**WHAT YOU SHOULD DO:** The entries below contain a stretch that opens with the line containing "이 위원장은 수도권 쏠림" and closes with the line containing "COOLER MASTER GX"; set down that stretch exactly, both ends included, and nothing else.

**DATA FOR THIS TASK:**
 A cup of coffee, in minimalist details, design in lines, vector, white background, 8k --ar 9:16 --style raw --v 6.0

--

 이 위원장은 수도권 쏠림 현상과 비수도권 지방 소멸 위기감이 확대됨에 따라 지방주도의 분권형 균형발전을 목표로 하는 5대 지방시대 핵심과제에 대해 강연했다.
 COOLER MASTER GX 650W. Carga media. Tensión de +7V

**EXERCISE RESULT:**
 이 위원장은 수도권 쏠림 현상과 비수도권 지방 소멸 위기감이 확대됨에 따라 지방주도의 분권형 균형발전을 목표로 하는 5대 지방시대 핵심과제에 대해 강연했다.
 COOLER MASTER GX 650W. Carga media. Tensión de +7V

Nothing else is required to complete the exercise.